Exercise goal: Take the listing from its first line through the line that contains "1、在微信中搜索【dr专属空" and please retype those lines exactly, leaving out the pictures.

[[ Information provided open ]]

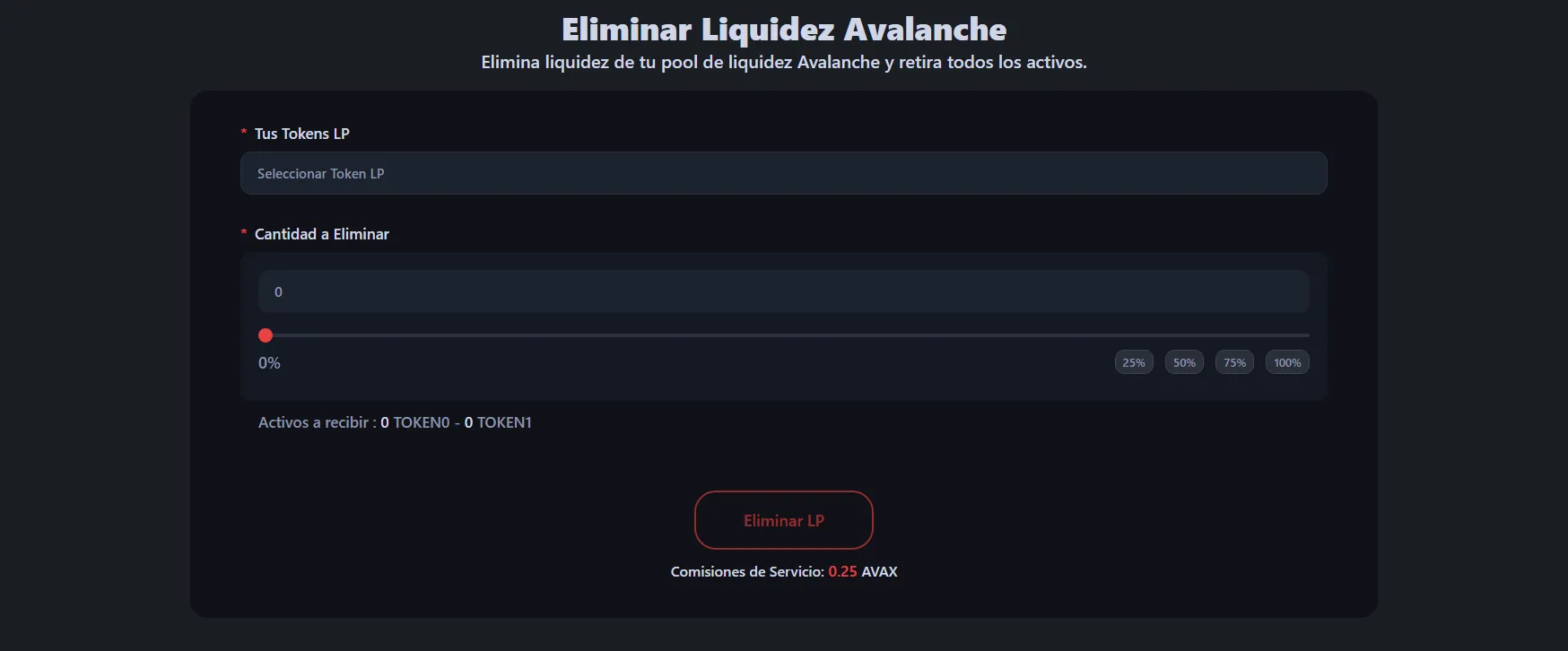 Para retirar liquidez de tu pool de tokens Avalanche, dirígete a la herramienta de retiro de liquidez de Avalanche y conecta la wallet que contiene tus tokens LP o posición NFT.
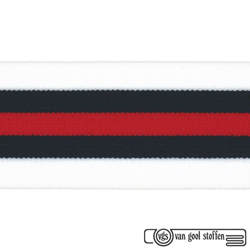 40mm Elastiek met Geweven Streep 40mm wit donker blauw rood
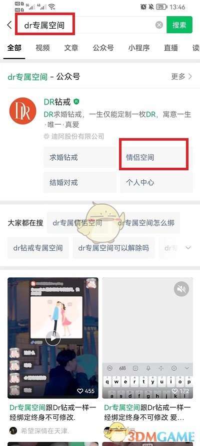 1、在微信中搜索【dr专属空间】在搜索结果出现之后,点击【情侣空间】进入到对应功能界面;
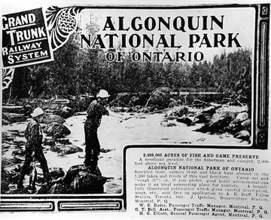 The highway to Algonquin Park was not constructed until 1936, so until that date, the railway was the only means — aside from the canoe — by which people could reach the park. Both the Grand Trunk Railway and later the Canadian National Railway (CNR) actively promoted travel to wilderness destinations within Canada. In the early twentieth century, the railway’s promotion of travel to wilderness destinations was extended to the building of hotels or lodges. In Algonquin Park, the CNR operated three lodges: the Highland Inn, Camp Minnesing, and Nominigan Lodge.

[[ Information provided closed ]]

Answer to the problem:
 Para retirar liquidez de tu pool de tokens Avalanche, dirígete a la herramienta de retiro de liquidez de Avalanche y conecta la wallet que contiene tus tokens LP o posición NFT.
 40mm Elastiek met Geweven Streep 40mm wit donker blauw rood
 1、在微信中搜索【dr专属空间】在搜索结果出现之后,点击【情侣空间】进入到对应功能界面;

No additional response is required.